▸ **WORK ITEM**
Look through the entries below and copy exactly the part that begins with the line containing "Figure 4: Refugee" and ends with the line containing "Automatic indexing table". Do not copy the pictures.

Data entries
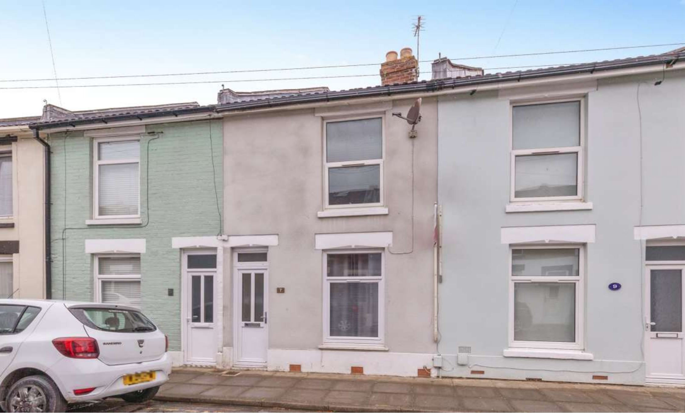
Clarke's Road, Portsmouth PO1 5PR
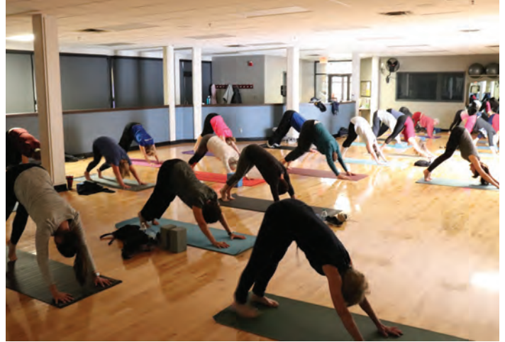
Longview and Lovell Community Centers began opening at 10AM on Sundays.
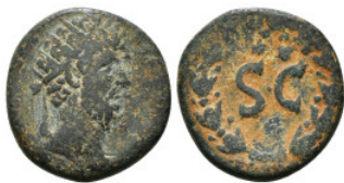
177 Roman Provincial Coin AE 8,28 g - 21,90 mm
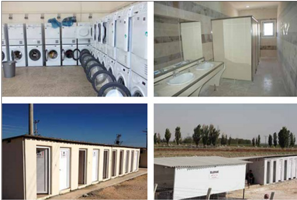
Figure 4: Refugee camps in Turkey, also include separate bathing and laundry facilities for men and women.
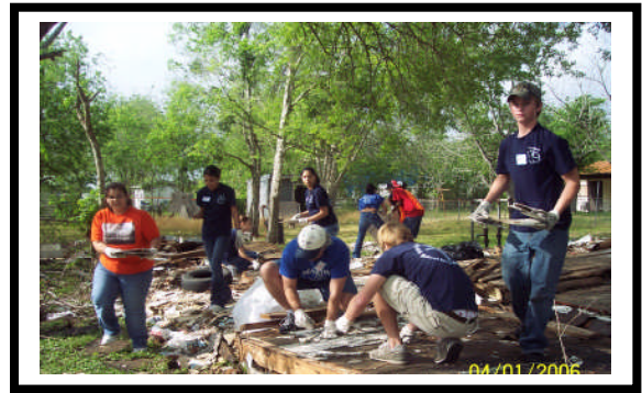
Servolution home repair!

Several trips are planned throughout the year. Each short-term trip is designed to allow students to experience God's love through world missions. The passion that EDGE students have must be shared with the world.
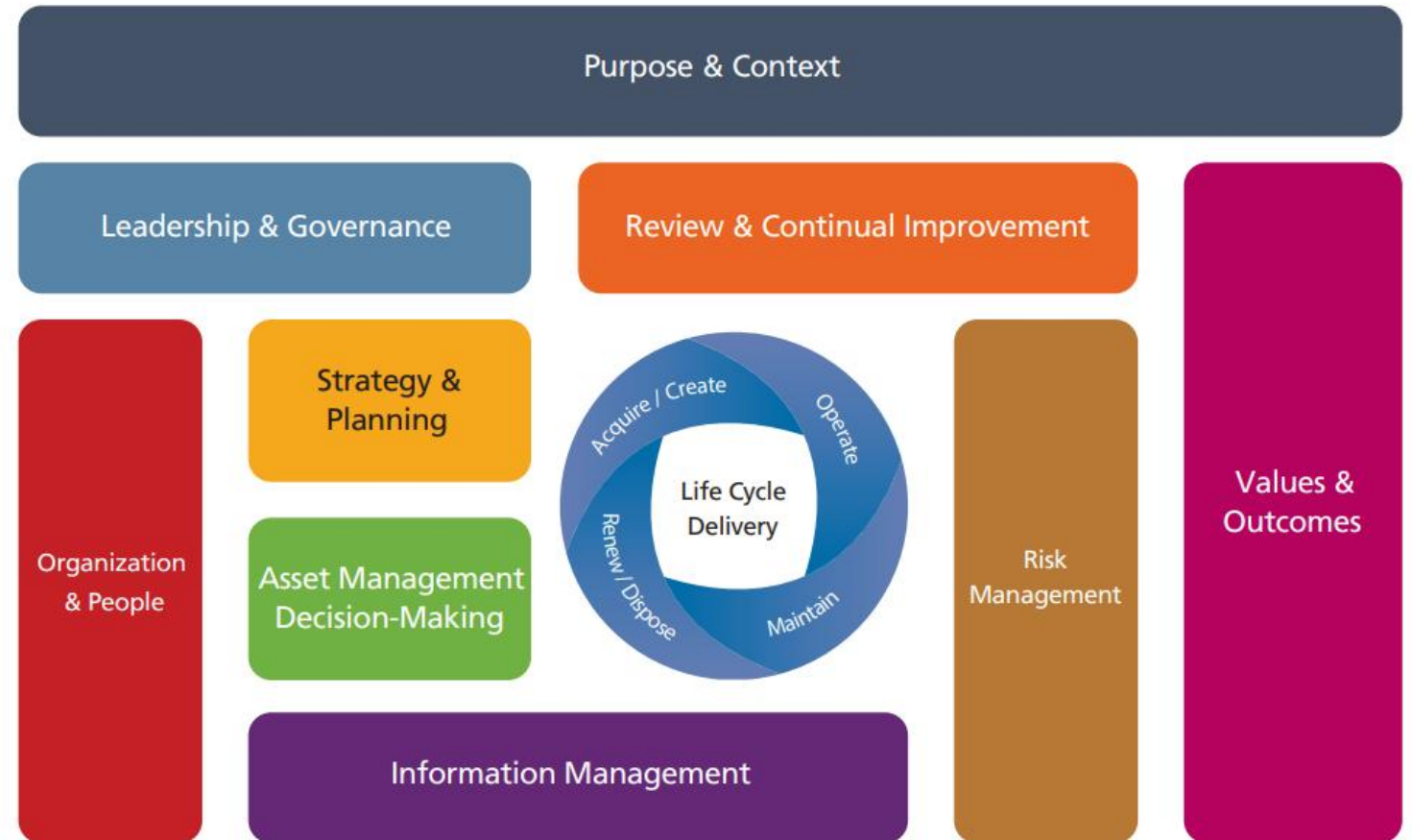
Figure 4: The IAM's 10-box Capabilities Model
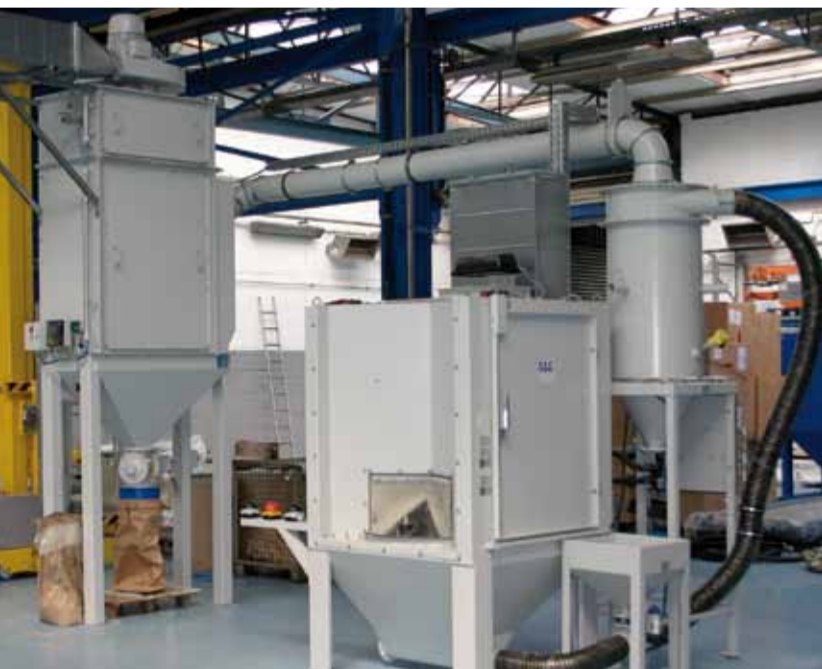
Automatic indexing table unit with direct suction system for the air blasting of synchroniser rings.

increased driving dynamics, safety, comfort and economic efficiency as well as lower fuel consumption and emissions in the automotive means of the customers: on land, water and in the air.
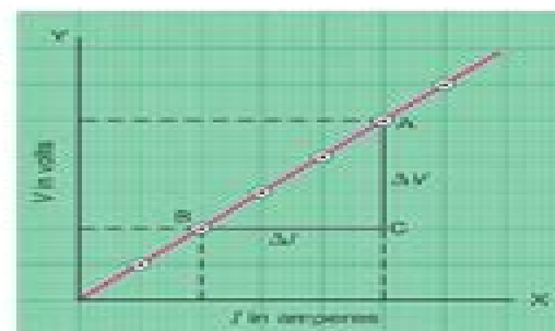
Fig. 4.1 Graph between V and I

Here A is ammeter, K is plug key, R_h is rheostat, V is voltmeter and R is resistance.
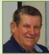
PP Max Bird Foundation Dir.
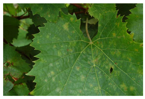
Figure 3: Downy mildew "oil spots" on the upper surface of a Petite Pearl leaf.
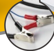
Or crocodile clips
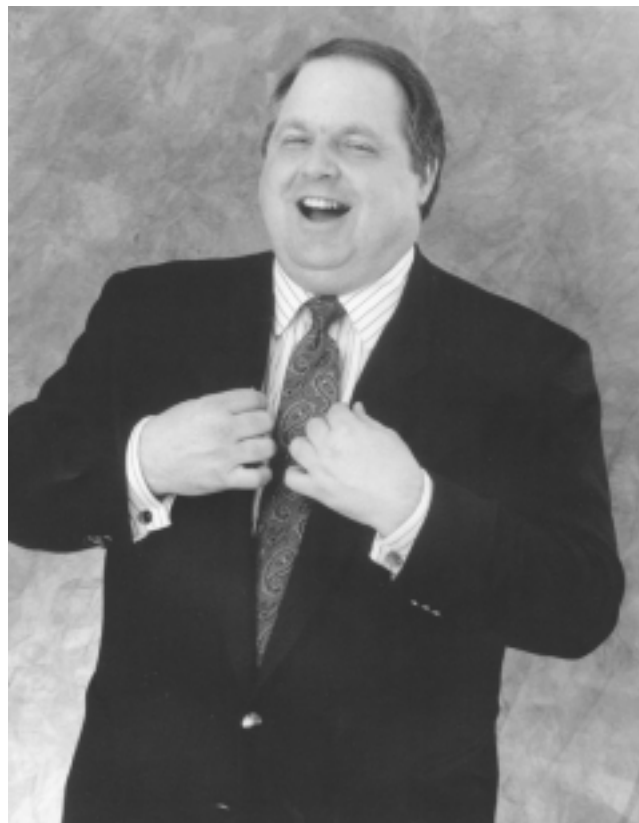
Rush Limbaugh, one of the “Great Backlash” moralists who tell people that it’s in their own interest to support “American” policies—that just happen to make the rich richer and the poor poorer.

This conservative movement presented Kansans with a phony alternative to their perceived impotence in the face of the changes after 1968, giving them “an attractive and even a
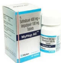
SOFOSBUVIR 400 MG VELPATASVIR 100MG TABLETS
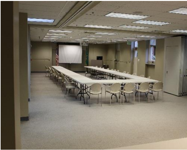
PacMed Ground West 1 & 2
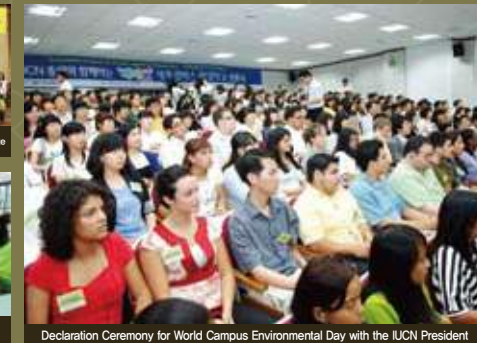
Declaration Ceremony for World Campus Environmental Day with the IUCN President
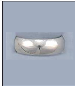
JW117008S7NOSL WT: 2 gm
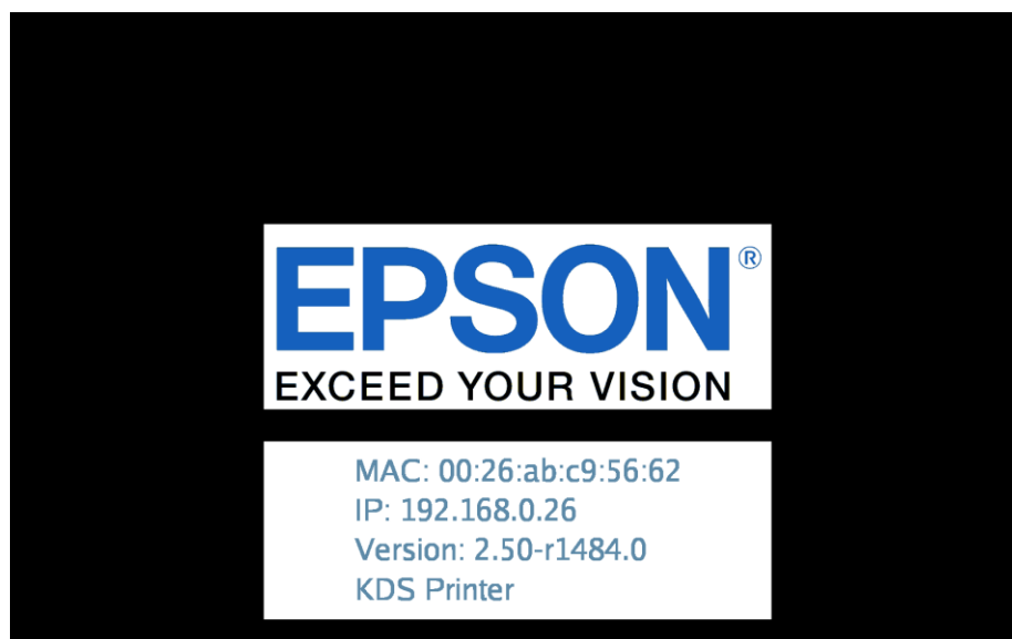
Figure 0.1 – Startup screen of the KDS

By default, KDS devices ship DHCP enabled, allowing them to be easily added and discovered on the local network. It may be necessary to configure the devices to a static IP and this guide explains how to do that from the Windows Configuration Utility. While the IP can be referenced from the Utility, it is also conveniently displayed on the KDS device startup splash screen:
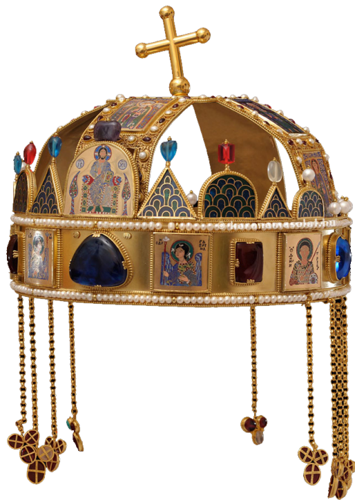
HEAVENLY LIVING TRUTH – The Apostolic and Angelic Hungarian Holy Crown
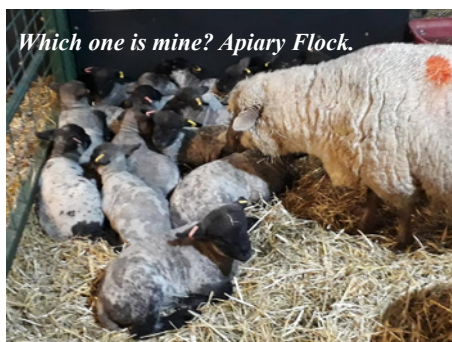
Which one is mine? Apiary Flock.
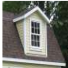
Dutch Dormer w/ Window
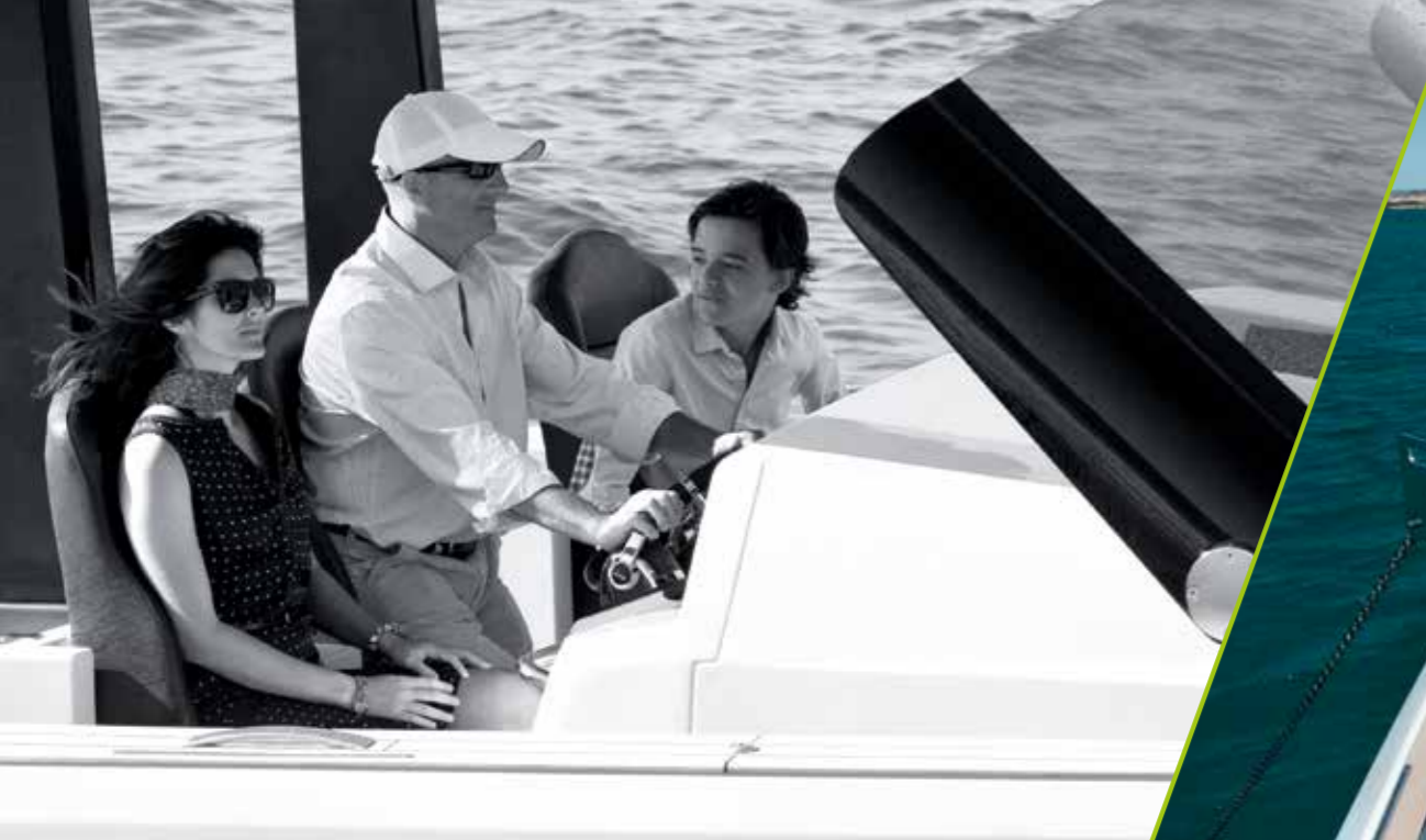
easy to use: the electric anchor

▸ **TASK SOLUTION**
Figure 4: Refugee camps in Turkey, also include separate bathing and laundry facilities for men and women.
Servolution home repair!

Several trips are planned throughout the year. Each short-term trip is designed to allow students to experience God's love through world missions. The passion that EDGE students have must be shared with the world.
Figure 4: The IAM's 10-box Capabilities Model
Automatic indexing table unit with direct suction system for the air blasting of synchroniser rings.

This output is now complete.